River Wissey Lovell Fuller

Letter to the Editor

June 2010

Peter puts a different point of view to Cyril Marsters letter in the last edition

Letter to the Editor.

Dear Ray,

As a brief explanation in response to Cyril Masters may I use a few lines of the pump again, to expand my aside.

Taking a rough cut of the numbers involved...11 M people in a 'non-garden' position of residence divide by two to be realistic on a family basis then multiply the energy and resources to produce 5 million or so new Forks, Hoes, Rakes, Spades, Water-Cans and or Hose-Pipes, Buckets, Wheelbarrows etc., and you have a massive increase in pollutants from China / Korea, or wherever these items are made plus of course the transport from factory to eventual home.

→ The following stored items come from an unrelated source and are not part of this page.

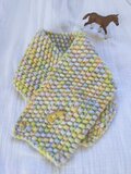 木調のトグルボタンでデティールをプラスし、洗濯も簡単にできます。
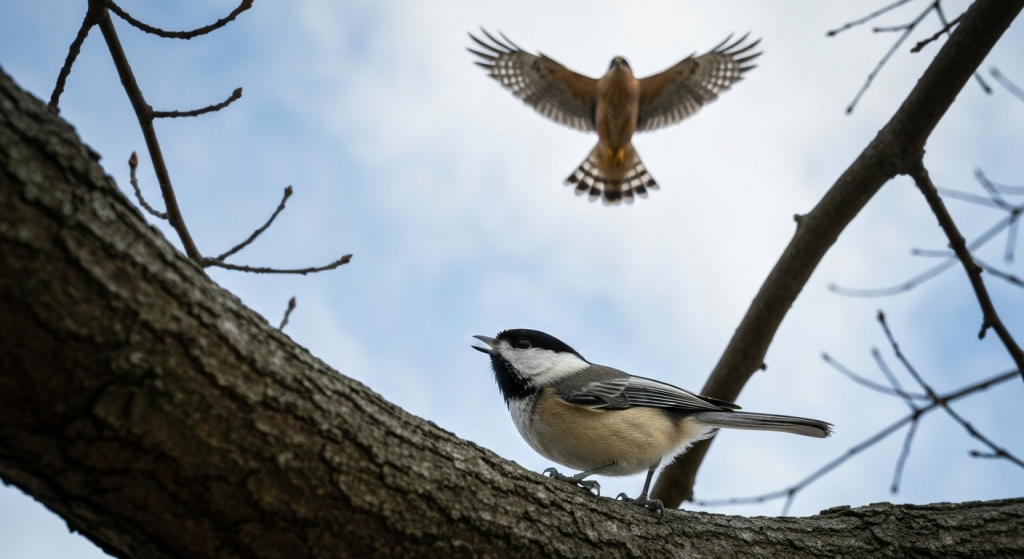 From my own observations, this plays out exactly as the research suggests. I once watched a flock of chickadees foraging peacefully when a large, slow-moving Red-tailed Hawk soared high overhead. The first chickadee to spot it let out a calm “chick-a-dee-dee.” Just two “dees.” The flock took note, became more vigilant, but continued foraging. The hawk was big, but it was distant and not an immediate threat.
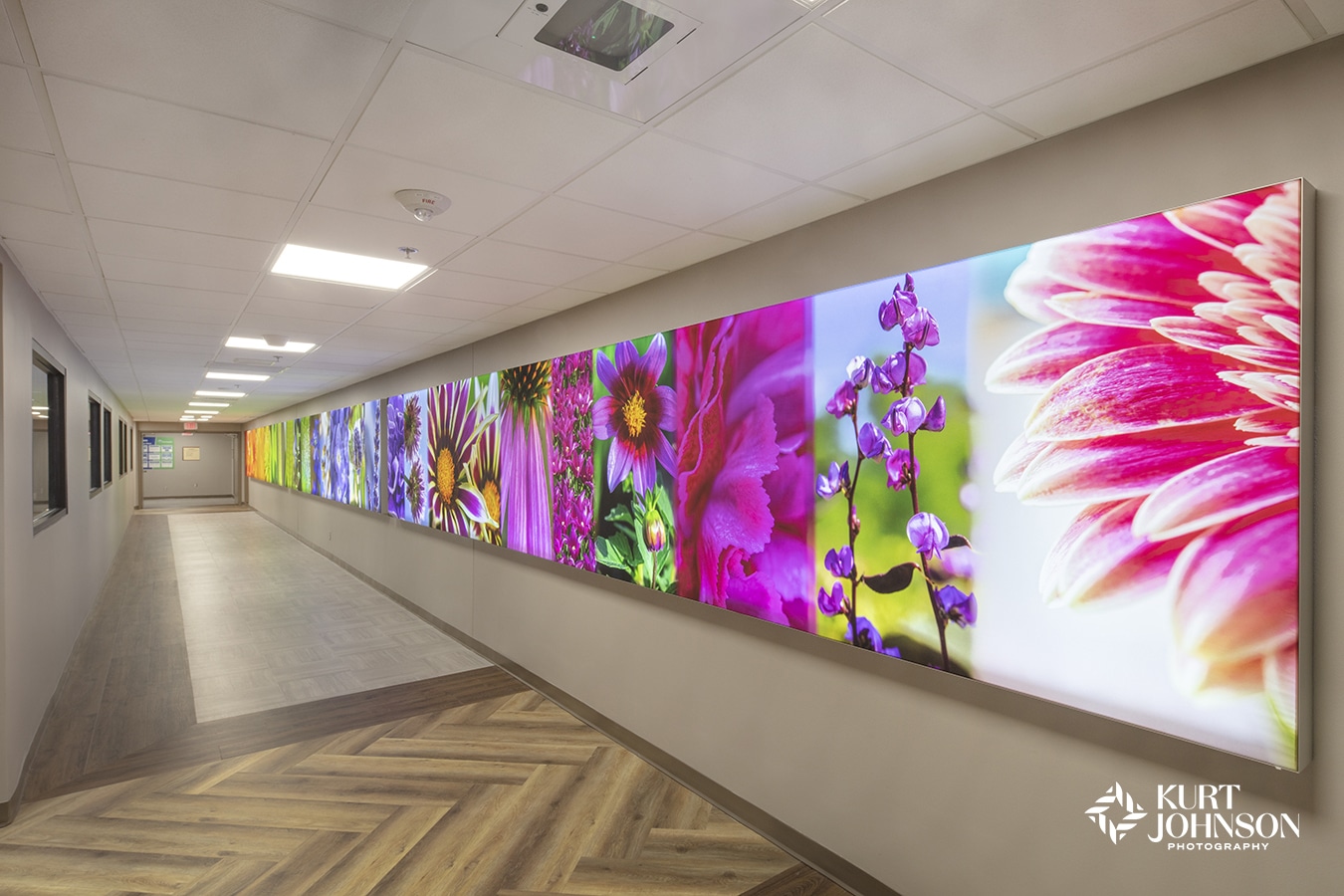 We recently installed a 90-foot nature walk in the basement of CHI Immanuel Hospital using this system, turning a previously overlooked hallway into a destination for patients, visitors, families and staff. Choosing the right substrates for healthcare environments can be surprising sometimes, and REX Frames are definitely an example of how that can be a good thing.
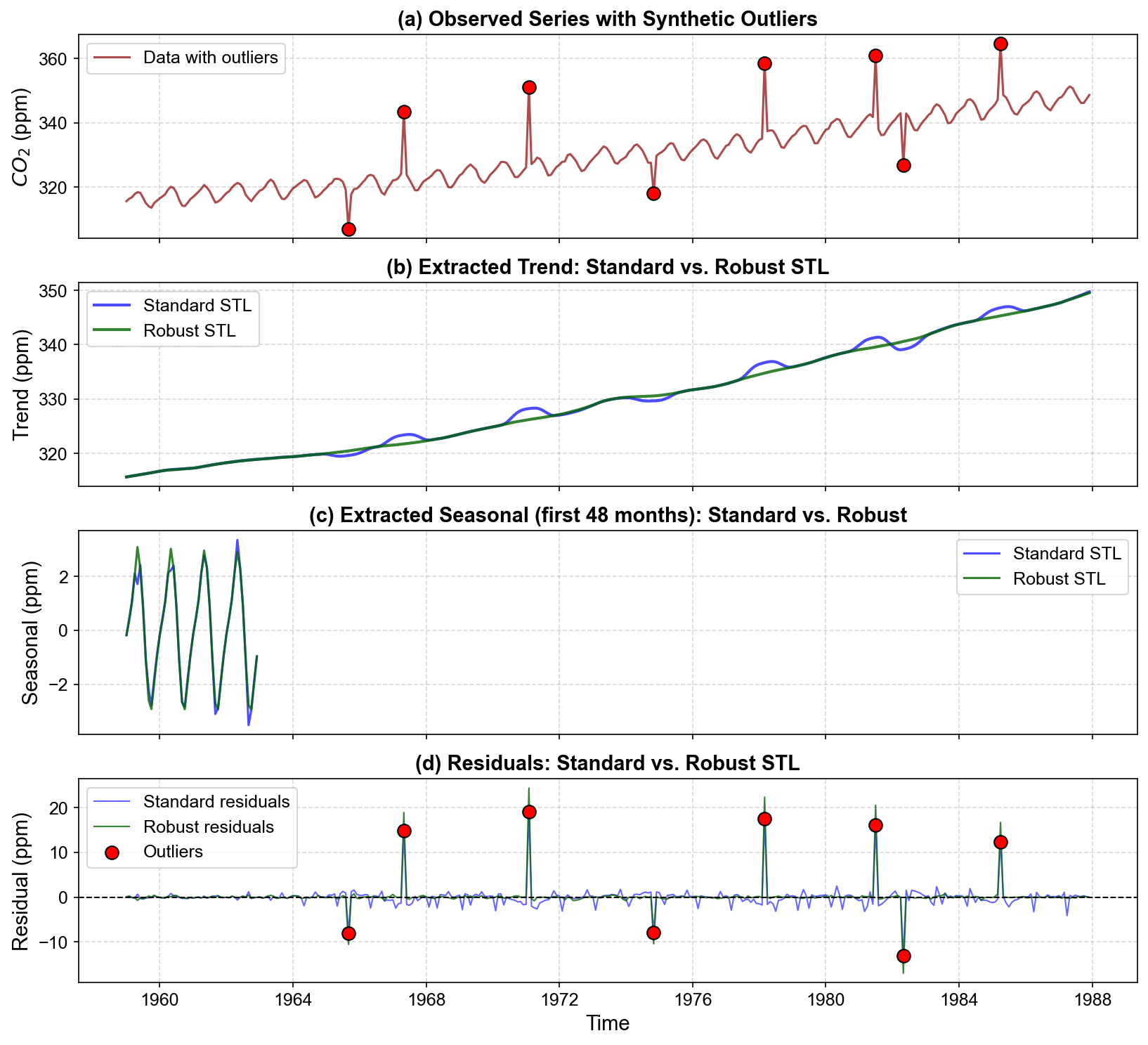 Fig. 3.19 Comparison of standard (non-robust) versus robust STL decomposition on CO₂ data with synthetic outliers. (a) Observed series with 8 outliers (red circles). (b) Trend components: Standard STL exhibits visible distortions (local bumps/dips) near outlier locations, while robust STL maintains smooth trend continuity. (c) Seasonal patterns (first 48 months): Standard STL shows irregular seasonal shapes where outliers appear; robust STL preserves consistent seasonal structure. (d) Residuals: Standard STL produces elevated residuals not only at outlier locations but also in neighboring points (contamination effect). Robust STL isolates large residuals exclusively at outlier positions.#
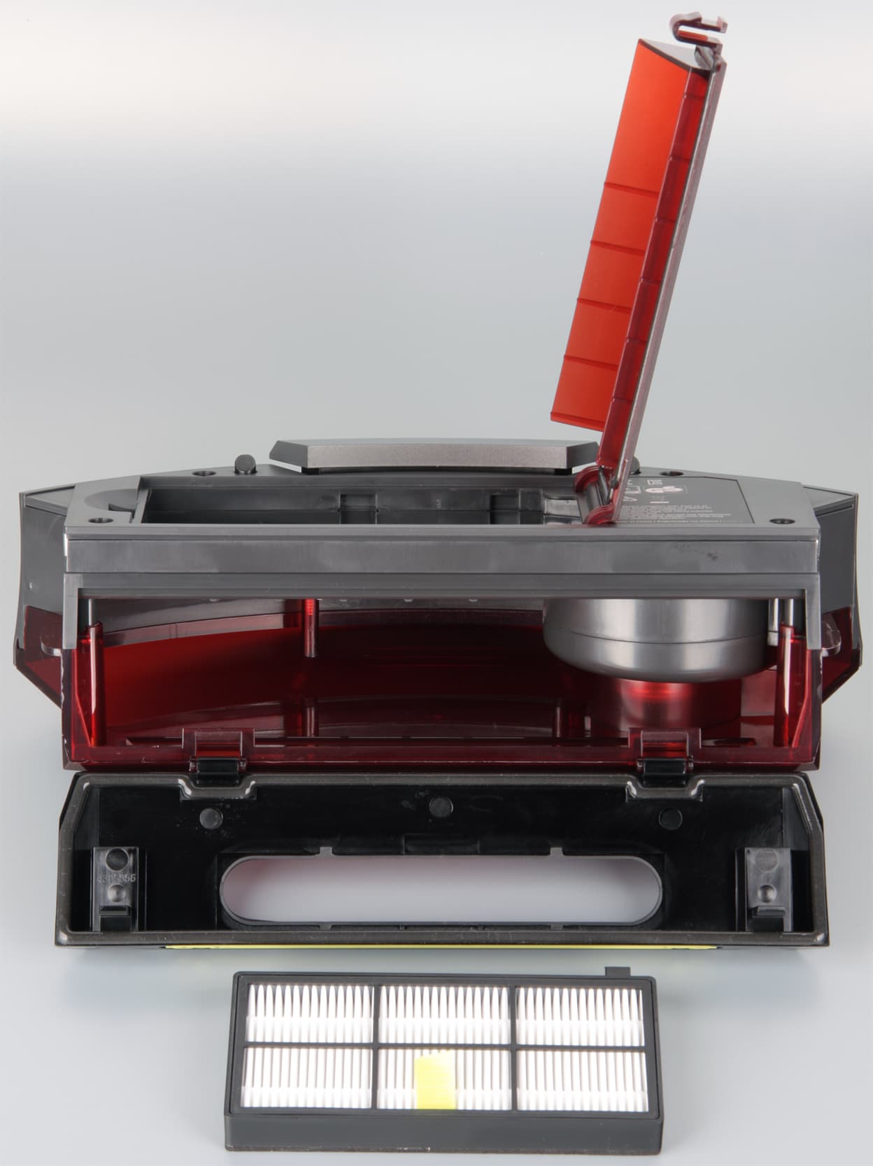 Днище пылесборника выполнено из прозрачного тонированного красным пластика, но прозрачной оставлена только узкая полоска, остальная поверхность заматирована, поэтому визуально, просто осмотрев робота, о степени заполнения пылесборника судить сложно. Очищать пылесборник относительно просто: откидывается шторка и пыль вытряхивается. Затем вынимается и очищается HEPA-фильтр.

I suspect several (perhaps many) years will have to pass before any 'green' saving is to emerge.

Add to that the fact that a farm uses X tonnes of chemicals to grow say 100 acres of product, delivered in one drop, un-packaged, in bulk to be used. Small time growing Gardens, allotments etc., would need the same product in brightly printed 1Kg boxes, with plastic sachets ...again all printed, all palletised and all delivered to hundreds of Garden Centres all over the country, then collected by millions of car driving gardeners for use on their own plot.

(repeat again and again for slug pellets, ant dispersant, gro-more etc,) I just don't see a 'green' saving...in fact I could easily imagine a deficit of large, on-going and growing proportions, particularly if it is successful and the Garden Centres and manage to convince these home gardeners that flies, wasps, moles etc., etc are a real danger to their soil and need added specialised packets of 'treatment' to eradicate them.

The food supply 'Dig for Victory' in WWII was of course a great morale booster, like the 'Pots and Pans for Spitfires', metal collections...which as we now all realise could never have built a Spitfire due to quality problems of re-cycled, commercial grade, aluminium. Was the vegetable front similarly faulty?...I personally think not, but it must not be forgotten that many hundreds of thousands of suburban gardens went from flowers to potatoes... open amenity land went to food cultivation and animal rearing, as did other 'out of useful use' areas of 'unused' land. Allotments, though very useful, were just a part of a much bigger picture.

I personally suspect that we could do more for our planet in this area by eliminating the millions of tons of food wasted annually, that I believe ends up in land fill sites...which is of course another subject altogether.